Sorry I edited my post. Sure but a and b relative to s are going to influence the outcomes.

Of course. But hidden variables are restricted to properties of the particles themselves, so a and b are excluded.

But anyway, now it is at least plausible that your formulas can produce something like the classical triangle correlations. It cannot produce the quantum correlations. To convince anyone of the opposite, you would have to encode the two formulas as computer code and run a simulation.

How can a and b be excluded if the outcomes depend on them relative to the spin vector of the particles. a, b and s are all just perfectly normal random variables.
.

This is just terminology of what Bell meant by a "hidden variable". He did not include the detector settings, because the determination of those are not part of the physical model.
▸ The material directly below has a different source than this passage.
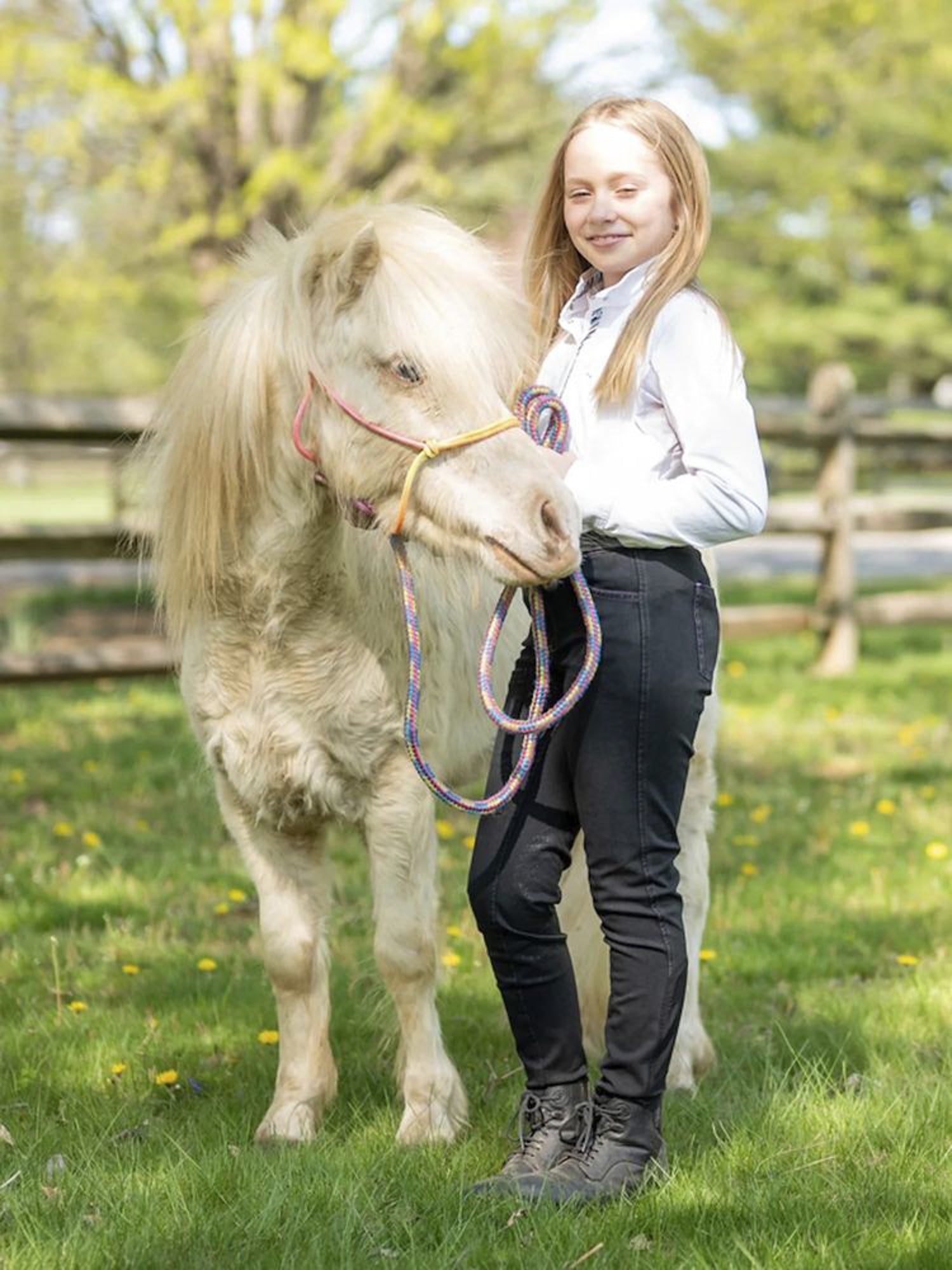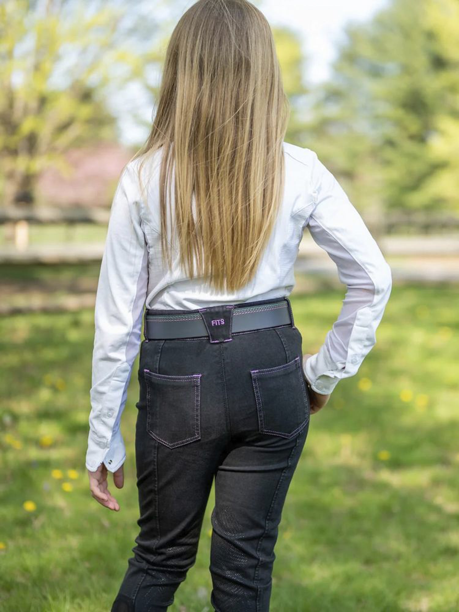 A best seller from FITS®, now in girls’ sizes! This Denim Tread Knee-Patch Breech features four-way stretch denim with contrast lavender stitching and a cargo pocket. The TechTread pattern in knee patches provide directional grip in the saddle.

They are supposed to be the result of a free choice by the experimenters.

We have already done the computer code with GAViewer for Joy's model and it works perfectly to obtain -a.b. No sense in repeating it.
.

The GA-viewer code is not a simulation of the experiment. The only convincing code would be one where the computer functions for A and B output -1 or 1 for each instance of the inputs. Why should this be so difficult? Your functions look easy enough. There is no GA in them, so why should anyone need GA-viewer?

We don't have to do an experimental simulation to validate the math. We are doing QM here and you know very well that QM can't predict individual events in the EPR-Bohm case.

Well, Bell made another mistake didn't he? The polarizer settings are most certainly part of the model.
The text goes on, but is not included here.